Similarly, BufferedWriter will cache all write requests into a large buffer, intermittently calling Writer::write() to push the buffered bytes to the underlying storage.

auto writer = std::make_unique<byteme::GzipFileWriter>(filepath, {})
byteme::SerialBufferedWriter<char> pb(std::move(writer), /* buffer_size = */ 65536);
std::string input("foobarwhee");
for (auto i : input) { // write individual bytes.
pb.write(i);
}
pb.write(input.c_str(), input.size()); // or write an array.
pb.finish(); // flush everything to file.
Serial buffering to wrap a Writer.
Definition BufferedWriter.hpp:208

Building projects

CMake using FetchContent

If you're using CMake, you just need to add something like this to your CMakeLists.txt:

include(FetchContent)
FetchContent_Declare(
byteme
GIT_REPOSITORY https://github.com/LTLA/byteme
GIT_TAG master # or any version of interest
)
FetchContent_MakeAvailable(byteme)

Then you can link to byteme to make the headers available during compilation:

# For executables:
target_link_libraries(myexe byteme)
# For libaries
target_link_libraries(mylib INTERFACE byteme)

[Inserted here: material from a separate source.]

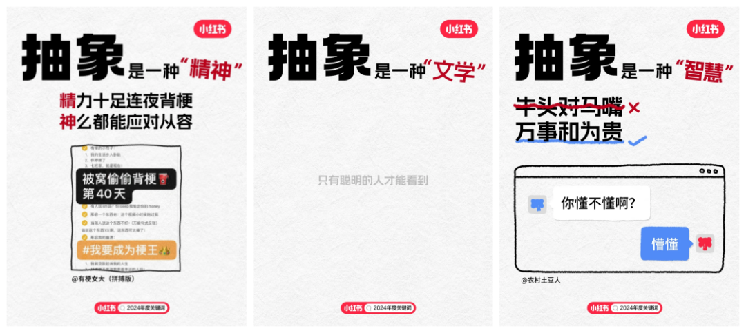 隨著2024年度關(guān)鍵詞“搞抽象”在小紅書上的火爆,我們不難發(fā)現(xiàn),無論是用戶對于生活哲學(xué)的深度探索,還是對于藝術(shù)、文化乃至日常瑣碎事物的獨特詮釋,都以一種前所未有的熱情被記錄與分享。
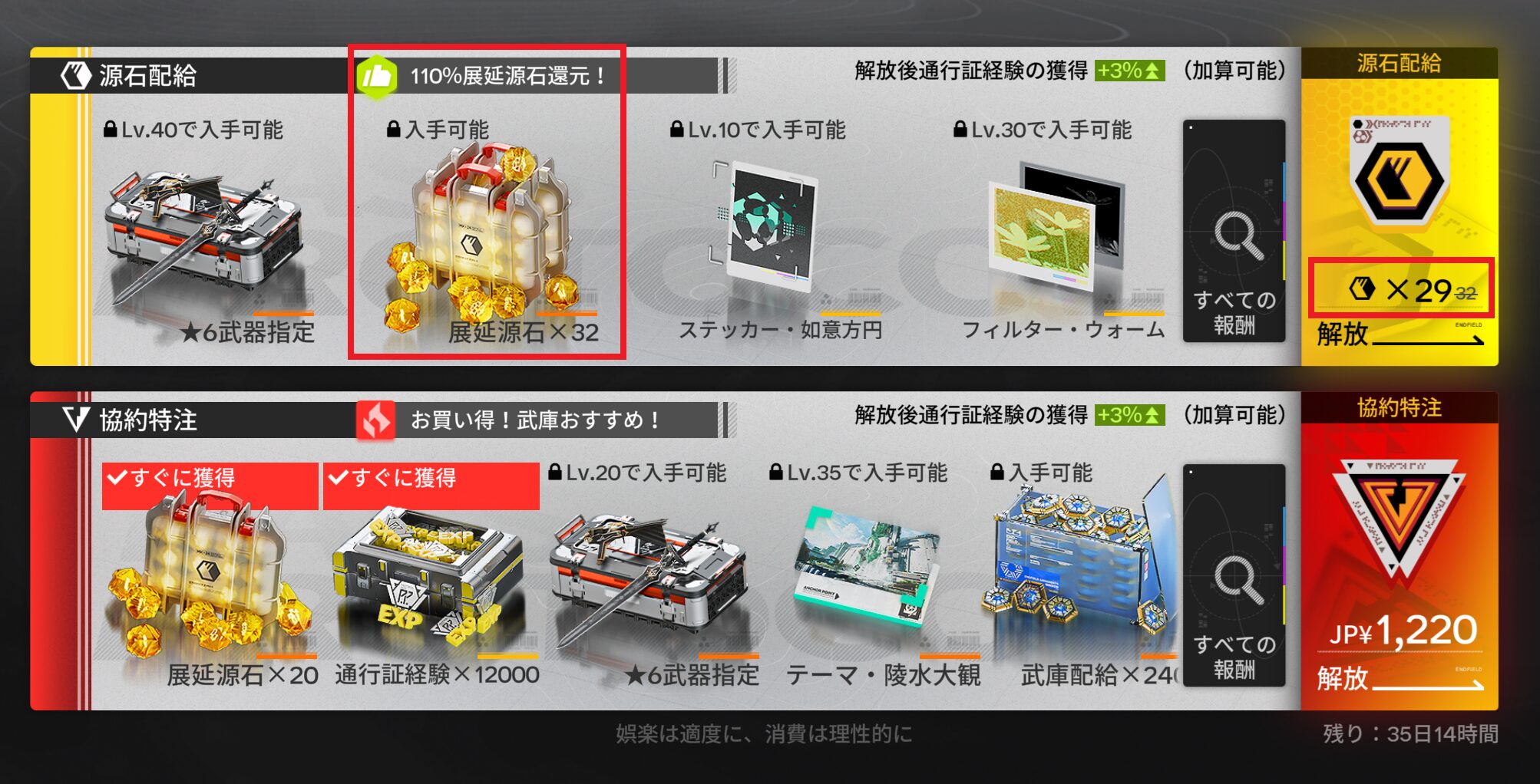 ・源石配給:展延源石(課金石)で解放(多くのアイテムがもらえる)

CMake using find_package()

You can install the library by cloning a suitable version of this repository and running the following commands:

mkdir build && cd build
cmake .. -DBYTEME_TESTS=OFF
cmake --build . --target install

Then you can use find_package() as usual:

find_package(ltla_byteme CONFIG REQUIRED)
target_link_libraries(mylib INTERFACE ltla::byteme)

Manual

If you're not using CMake, the simple approach is to just copy the files the include/ subdirectory - either directly or with Git submodules - and include their path during compilation with, e.g., GCC's -I.

Adding Zlib support

To support Gzip-compressed files, we also need to link to Zlib. When using CMake, byteme will automatically attempt to use find_package() to find the system Zlib. If no Zlib is found, it is skipped and no Gzip functionality is provided by the libary. Users can also set the BYTEME_FIND_ZLIB option to OFF to provide their own Zlib.

Further comments

I thought about using C++ streams, much like how the zstr library handles Gzip (de)compression. However, I'm not very knowledgeable about the std::istream interface, so I decided to go with something simpler. Just in case, I did add a byteme::IstreamReader class so that byteme clients can easily leverage custom streams.